## What needs to be done:
The answer must be an exact printing of every record below, with the pictures omitted.

## Given data:
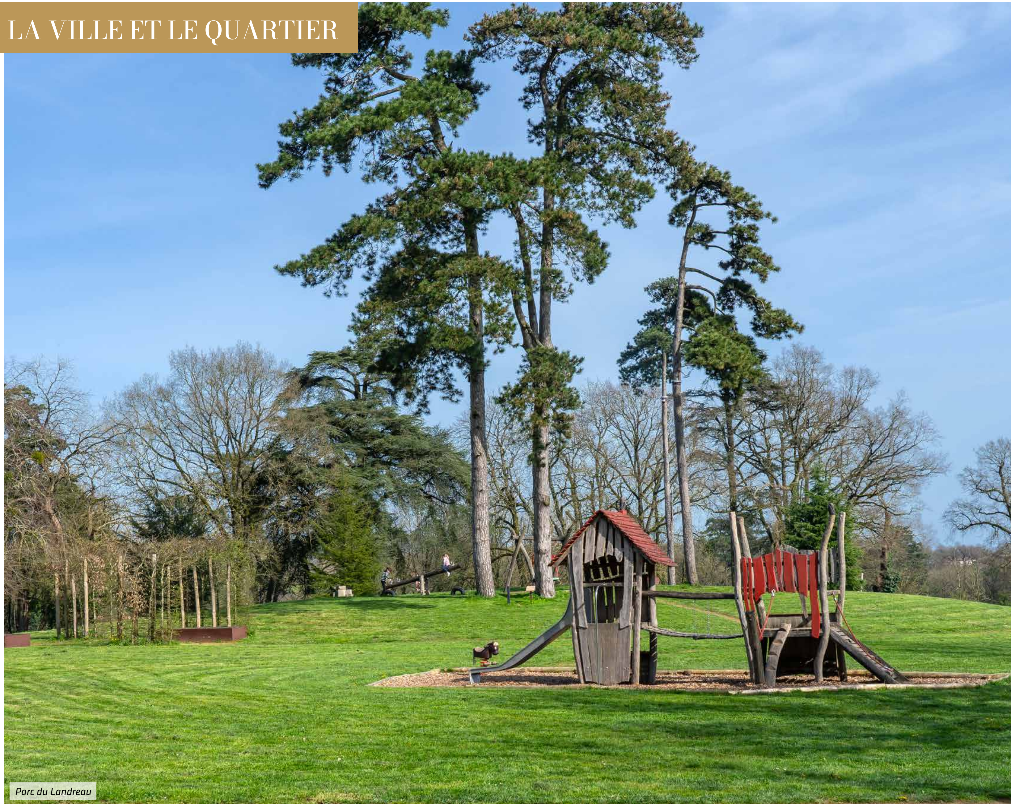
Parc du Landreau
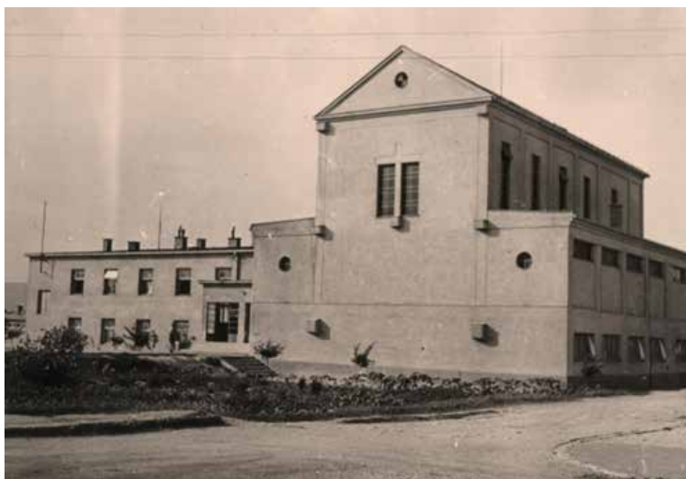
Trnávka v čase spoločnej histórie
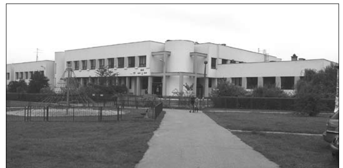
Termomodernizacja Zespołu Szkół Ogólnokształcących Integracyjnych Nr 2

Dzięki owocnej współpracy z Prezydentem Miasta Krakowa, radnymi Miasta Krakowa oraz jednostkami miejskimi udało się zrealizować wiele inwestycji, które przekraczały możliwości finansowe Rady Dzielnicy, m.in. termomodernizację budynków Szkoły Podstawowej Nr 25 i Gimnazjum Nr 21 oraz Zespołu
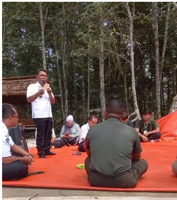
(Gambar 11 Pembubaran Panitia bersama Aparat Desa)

## Solution:
Parc du Landreau
Trnávka v čase spoločnej histórie
Termomodernizacja Zespołu Szkół Ogólnokształcących Integracyjnych Nr 2

Dzięki owocnej współpracy z Prezydentem Miasta Krakowa, radnymi Miasta Krakowa oraz jednostkami miejskimi udało się zrealizować wiele inwestycji, które przekraczały możliwości finansowe Rady Dzielnicy, m.in. termomodernizację budynków Szkoły Podstawowej Nr 25 i Gimnazjum Nr 21 oraz Zespołu
(Gambar 11 Pembubaran Panitia bersama Aparat Desa)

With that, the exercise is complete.